Neulich in der Tegeler Hafenbar. Es kommen drei Leute um die fünfzig herein und setzen sich an unseren gemütlichen Tisch. Einen davon kenne ich, Uwe von HONKS 77. Da sagt der eine neben mir plötzlich, dass er mal bei DREIDIMENSIONAL spielte. Von denen hatte ich doch schon mal gehört ... „Ja, und bei GERM ATTACK auch.“ Ich frage erstaunt: „Bist du etwa Gockel, deren Sänger und Gitarrist?“ Und genau so ist es. Damals schwarze Stachelfrisur, heute graue Haare, Brille, Vollbart. Die Band, in der er dazwischen spielte, war auch ein Begriff in Berlin: THE RATTLESNAKE MEN. Der dritte ist GERM ATTACK-Drummer Micha und so können wir lustig die Punk-Geschichte von Berlin-Spandau von den frühen 1980er bis in die späten 1990er Jahre beleuchten.

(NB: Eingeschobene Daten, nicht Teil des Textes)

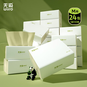 无染wuro本色抽纸 竹浆纸3层100抽*24包M码 纸巾卫生纸餐巾纸面巾纸整箱

Gockel, du warst, wenn ich das richtig sehe, gerade einmal 15 Jahre, als du anfingst mit DREIDIMENSIONAL, oder? 1982 gab es das erste Demo und dann wart ihr fix auf dem „Spandauer Tatendrang Sampler“ mit SOILENT GRÜN von Graf Haufen Tapes. Was fällt dir ein zur Spandauer Zeit, zu Bela B. und deinen Anfängen als Punk?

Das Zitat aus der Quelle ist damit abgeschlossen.